◆ WHAT IS EXPECTED
Pictures stay out; please output the remaining data exactly.

◆ INFORMATION SUPPLIED

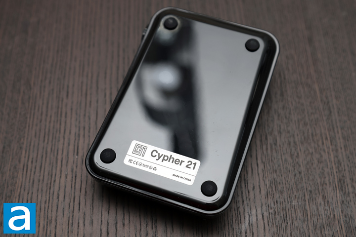 The underside of the Epomaker Cypher 21 has four rubber feet in the corners of the device. This ensures the number pad does not slide around. Furthermore, you can see the glossy black finish, especially with how reflective it is. On the lower half, we have a single label that has the Epomaker logo, product name, some regulatory certifications, and a note to say it is made in China. Otherwise, one thing that I could not find is a screw hole, even after peeling away the label and the rubber feet. The Cypher 21 is put together with internal plastic clips, so I could not disassemble the product without breaking something.
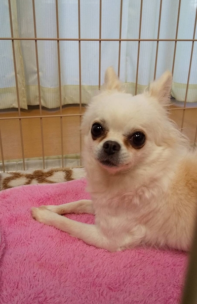 | 特徴(性格など) | ロングコートチワワ 色:クリーム 名前は、ラナちゃん 体重 2.5kg ワクチン 接種済み レボリューション 済み フィラリア 陰性 心雑音 問題なし パテラ 問題なし 避妊手術 済み ※小さなお子さまの居ないご家庭を希望します 8月に保護してから慣れるまで2ヶ月かかりました。 やっと心開いてくれて抱っこ出来るようになりました。 他の犬ともフレンドリーです。 小さい子供さんには吠えると思います。 ペットショップで買い一般家庭で飼われていましたが、家庭の事情で飼育が難しくなったとの事で保護しました。 マイクロチップ入っています。 |
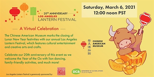 The Chinese American Museum presents the 20th anniversary of the Los Angeles Lantern Festival!About this EventThe Chinese American Museum will be welcoming the Year of the Ox at our milestone Lantern Festival. Join us as we celebrate the new year with lion dancing, family-friendly activities, and much more.We will also be hosting a silent auction on the day of the event.For twenty years, the Los Angeles Lantern Festival has captured the spirit of this 5,000 year-old Chinese tradition of bringing in a new beginning and hope for the upcoming year. The festival showcases a broad spectrum of arts, performances, folk crafts, literature and lanterns. The event has engaged multi-generational families in the sharing of Chinese American culture, building of community relations, and celebrating our city’s diversity.Thank you to our sponsors:Friends of the Chinese American MuseumDepartment of Cultural Affairs, City of Los Angeles

◆ EXERCISE RESPONSE
 The underside of the Epomaker Cypher 21 has four rubber feet in the corners of the device. This ensures the number pad does not slide around. Furthermore, you can see the glossy black finish, especially with how reflective it is. On the lower half, we have a single label that has the Epomaker logo, product name, some regulatory certifications, and a note to say it is made in China. Otherwise, one thing that I could not find is a screw hole, even after peeling away the label and the rubber feet. The Cypher 21 is put together with internal plastic clips, so I could not disassemble the product without breaking something.
 | 特徴(性格など) | ロングコートチワワ 色:クリーム 名前は、ラナちゃん 体重 2.5kg ワクチン 接種済み レボリューション 済み フィラリア 陰性 心雑音 問題なし パテラ 問題なし 避妊手術 済み ※小さなお子さまの居ないご家庭を希望します 8月に保護してから慣れるまで2ヶ月かかりました。 やっと心開いてくれて抱っこ出来るようになりました。 他の犬ともフレンドリーです。 小さい子供さんには吠えると思います。 ペットショップで買い一般家庭で飼われていましたが、家庭の事情で飼育が難しくなったとの事で保護しました。 マイクロチップ入っています。 |
 The Chinese American Museum presents the 20th anniversary of the Los Angeles Lantern Festival!About this EventThe Chinese American Museum will be welcoming the Year of the Ox at our milestone Lantern Festival. Join us as we celebrate the new year with lion dancing, family-friendly activities, and much more.We will also be hosting a silent auction on the day of the event.For twenty years, the Los Angeles Lantern Festival has captured the spirit of this 5,000 year-old Chinese tradition of bringing in a new beginning and hope for the upcoming year. The festival showcases a broad spectrum of arts, performances, folk crafts, literature and lanterns. The event has engaged multi-generational families in the sharing of Chinese American culture, building of community relations, and celebrating our city’s diversity.Thank you to our sponsors:Friends of the Chinese American MuseumDepartment of Cultural Affairs, City of Los Angeles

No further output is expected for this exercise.